Журналистку прошиб озноб, она вдруг почувствовала себя
— А может, это не его ребенок? Как мы узнаем? — выпалила Таня.
— У тебя что, уже задержка? — ужаснулась Нола. — Тогда, конечно, не его. А ну-ка, собирайся, поедем к врачу, тут ни минуты нельзя терять.
Гинеколог сообщила хозяйке «Каблучка», что сестра её до сих пор девственница. Нола испытывала смешанные чувства, — от радости и восторга до бешенства. Она решила проучить младшую сестру.
Когда в очередной раз Таня стала сетовать, что устала от длинных волос, Нола, озорно смеясь, предложила:
— А знаешь что, давай вместе наголо обреемся.
Сидя в кресле парикмахерского салона, Нола, ободряюще подмигнув сестре, сказала мастерам:
— Брейте наголо, чтобы голова блестела, как бильярдный шар.
Тут к хозяйке «Каблучка» подошла заведующая и что-то шепнула ей на ухо. Нола встала, извинилась и вышла.
Таню побрили, а Нола в салон так и не вернулась.
Догадавшись о коварстве старшей сестры, Таня не вернулась в «Каблучок». Из парикмахерской пошла прямо к Гаврилову. Но не с повинной головой, не просить прощения.
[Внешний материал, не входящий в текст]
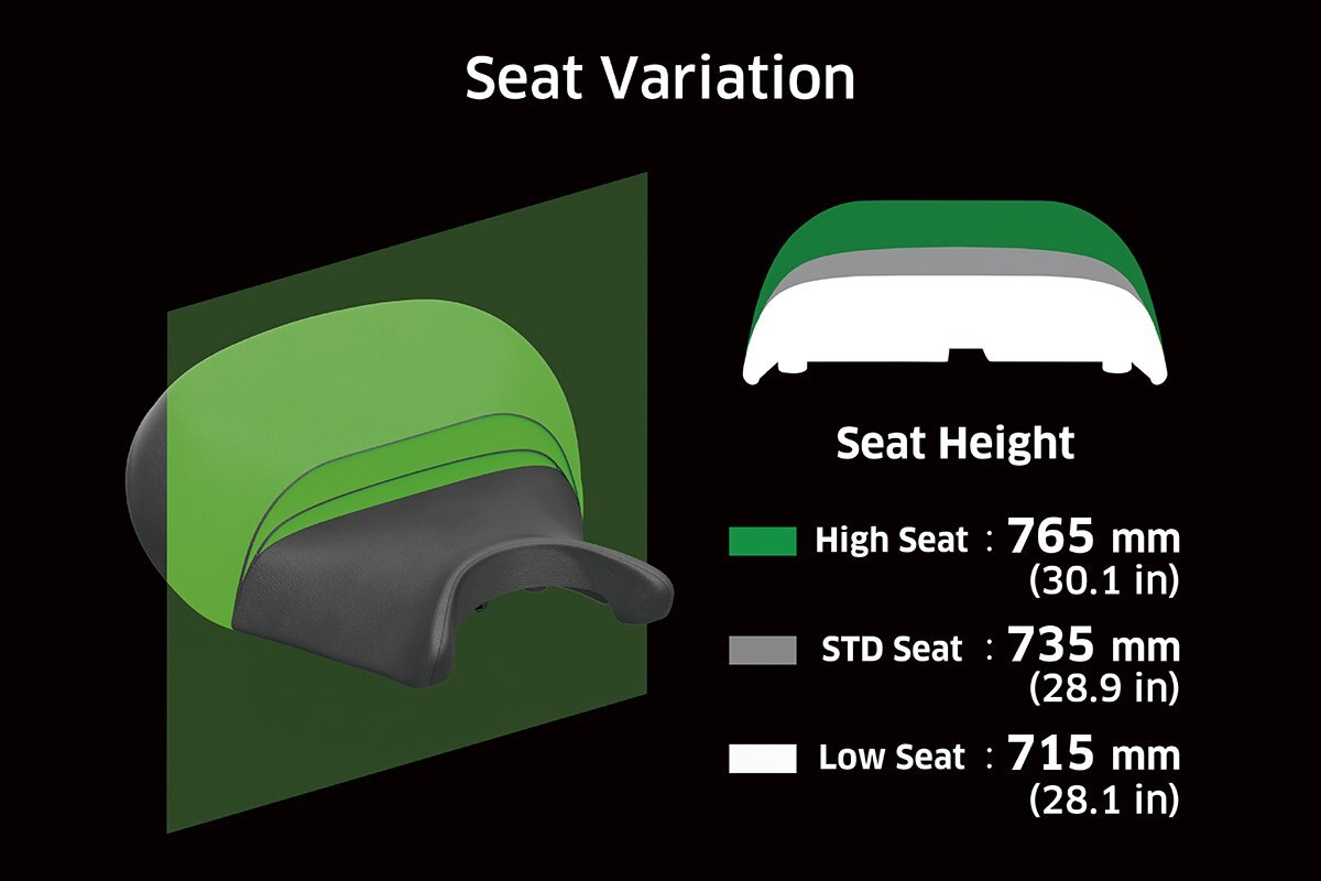 - Low 735 mm (29.8 in) seat height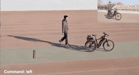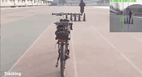 这辆无人自行车可实时感知周围环境。它可以在跟随前方试验人员的同时自动进行避障操作。装上芯片后,自行车可以根据语音指令、视觉感知的反馈产生实时信号,从而对电机进行控制,以达到保持平衡,改变行进状态。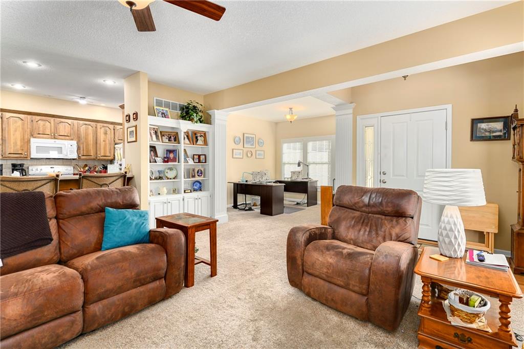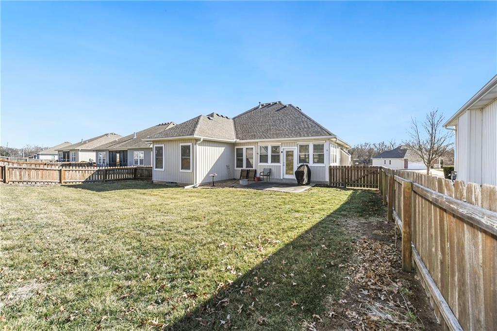 Look no further for your ideal maintenance-provided ranch home in a 55+ community. One owner has meticulously cared for this 2 bedroom, 2.5 bath ranch home in a great Lee's Summit location with shopping, library, and highway access close by. Step inside and enjoy all of the natural light from the many surrounding windows on the main level with everything you need - living room with a fireplace for all of the cozy home feels, garage entrance from the kitchen, with laundry, dining, eat-in kitchen with built-ins, and a sunroom that walks out to the spacious fenced yard. Downstairs you will find a finished bonus room space, with an added bathroom and ample unfinished storage space. All you need to do is move in, make it your own and enjoy maintenance-free living! All of the major items are taken care of! New roof, HVAC, microwave and new carpet downstairs. Fridge and W/D will stay with the home. Lawncare, snow removal, and trash pick up are provided through the HOA. Schedule today to see this adorable and well-cared for home!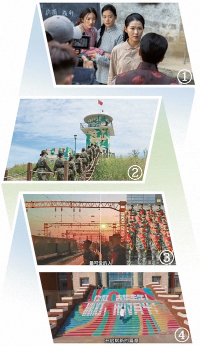 图①:微短剧《烽火桂香》拍摄现场。图②:微电影《巴尔鲁克山的芳华》剧照。图③④:微电影《蜕变》剧照。受访者供图 制图:扈 硕

Заявилась так, как привыкла, чувствуя себя хозяйкой положения.
Сергей, обозвав её «крысой», была у них в Лесной школе такая стриженая учительница, смеявшаяся над дефектами речи больных учеников, выгнал вон.
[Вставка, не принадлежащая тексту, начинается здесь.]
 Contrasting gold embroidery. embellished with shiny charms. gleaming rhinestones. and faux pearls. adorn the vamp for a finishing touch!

Истуканов в это время рассказывал жиличкам Гаврилова, откуда взялись коммунисты. Вёл родословную коммунизма от Герострата из Древней Греции.
— Коммунисты, девочки, — говорил Пётр Виленович, — были задолго до пресловутого Рождества Христова. Например, Герострат сжёг в своём городе храм. Вы историю хорошо знаете? В каком городе это было?
— В Афинах, — сказала Валя.
— А кому посвящался этот храм?
— Богу Юпитеру, нет, Венере, — смеясь, сказала Галя.
— Правильно. Герострат сжёг храм Дианы в городе Эфесе. Изверги героя пытали, спрашивали, зачем он это сделал. Чтобы они отвязались, Герострат им ввернул: «Хотел прославиться».
— А по-вашему, зачем он сжёг?
— Из протеста. Это же очевидно. Так же, как и сейчас, эксплуатировали, сволочи, трудовой народ, а потом сходят в церковь, помолятся и совесть у них чиста. В Древней Греции жили такие же лицемеры. Герострат опередил своё время. Родился бы в начале двадцатого века, был бы рядом с Лениным.
— А Горбачёв — ваш главный враг? — засмеялась Валя.
— Не Горбачёв, а Хрущёв, — поправил девушку Истуканов. — Он обещал показать миру последнего попа и обманул народ. Хотя вся репрессивная машина была в его руках. Серёжа, нам надо будет с тобой забраться на Новодевичье кладбище, на эту монастырскую землю, и свалить с постамента его каменную голову, сработанную Эриком Неизвестным.
— Свалить голову? За это по головке не погладят, — вступил в разговор Гаврилов.
— А ты коммунист или хвост… То есть трус коммуниста. Тьфу-ты! Ты или трус или кто?